#### Exercise requirements:
Once the pictures are set aside, transcribe the remaining data exactly.

::: Material provided :::

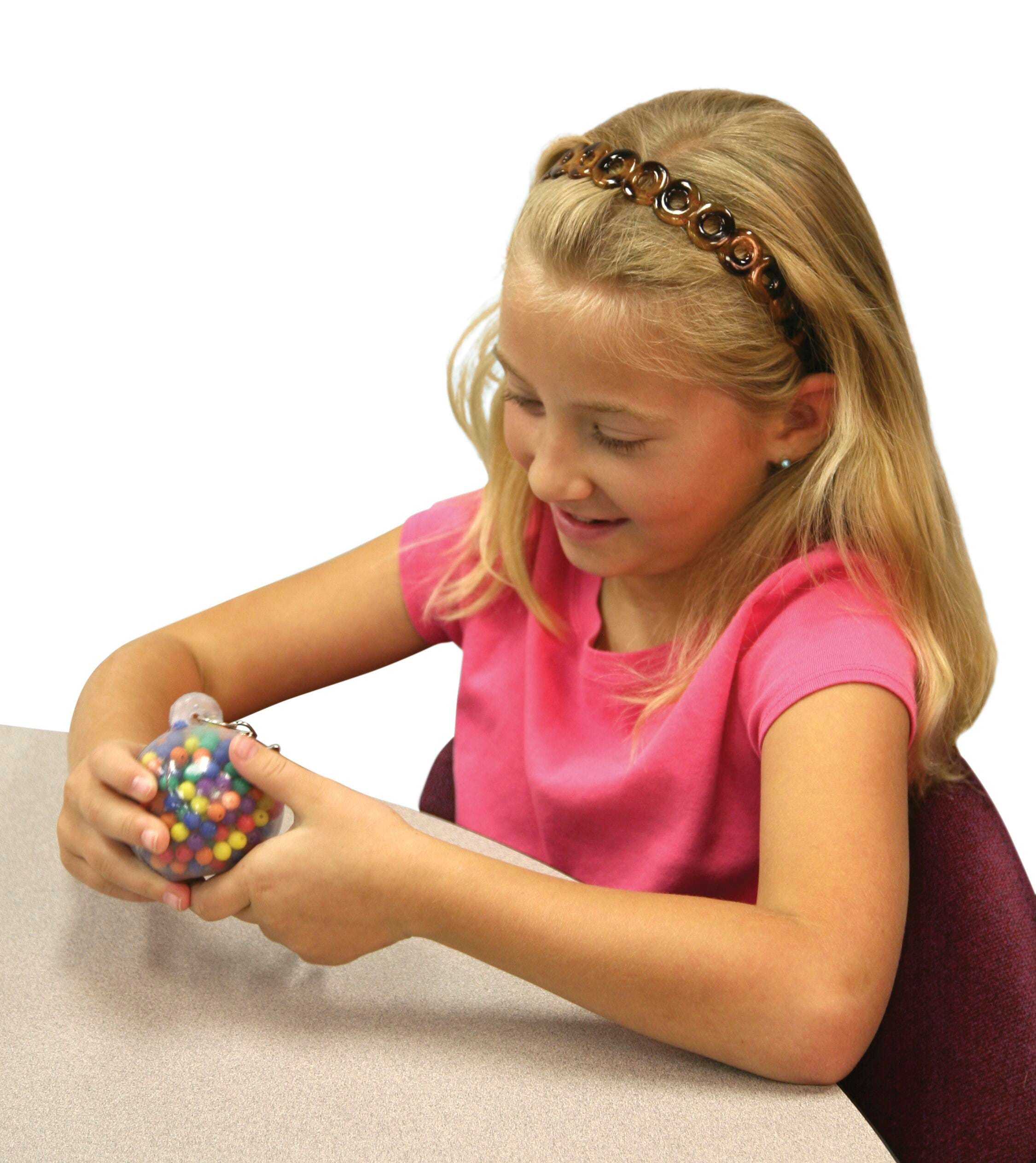This durable, indestructible Fidget Ball goes wherever your fidgeter goes! Just hook it to a backpack or purse and the fidget is a squeeze away. Small colored balls that add another dimension to the tactile and fine motor experience. Measures 2-3/4 inches in diameter.Features
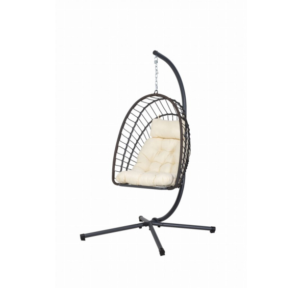 Výjimečně pohodlné, elegantní a moderní závěsné křeslo. K jeho výrobě byla použita vysoce kvalitní ocel, lakovaná práškovou barvou, díky čemuž je rám křesla stabilní a zajišťuje bezpečnost používání. Pro maximální komfort a pohodlí je přidána sada velkých tlustých polštářů a samotný koš byl navržen tak, aby se v něm člověk cítil jako v obklopení měkkostí „kokonu“.
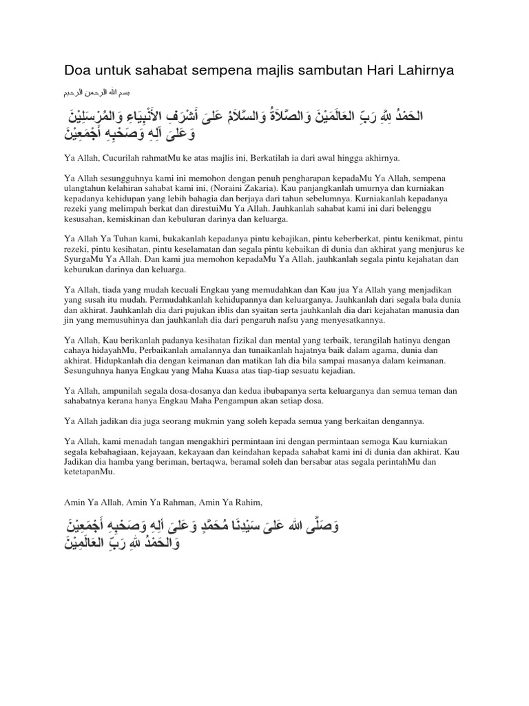 Doa Untuk Sahabat Sempena Majlis Sambutan Hari Lahirnya Pdf

:::

#### Result for this task:
This durable, indestructible Fidget Ball goes wherever your fidgeter goes! Just hook it to a backpack or purse and the fidget is a squeeze away. Small colored balls that add another dimension to the tactile and fine motor experience. Measures 2-3/4 inches in diameter.Features
 Výjimečně pohodlné, elegantní a moderní závěsné křeslo. K jeho výrobě byla použita vysoce kvalitní ocel, lakovaná práškovou barvou, díky čemuž je rám křesla stabilní a zajišťuje bezpečnost používání. Pro maximální komfort a pohodlí je přidána sada velkých tlustých polštářů a samotný koš byl navržen tak, aby se v něm člověk cítil jako v obklopení měkkostí „kokonu“.
 Doa Untuk Sahabat Sempena Majlis Sambutan Hari Lahirnya Pdf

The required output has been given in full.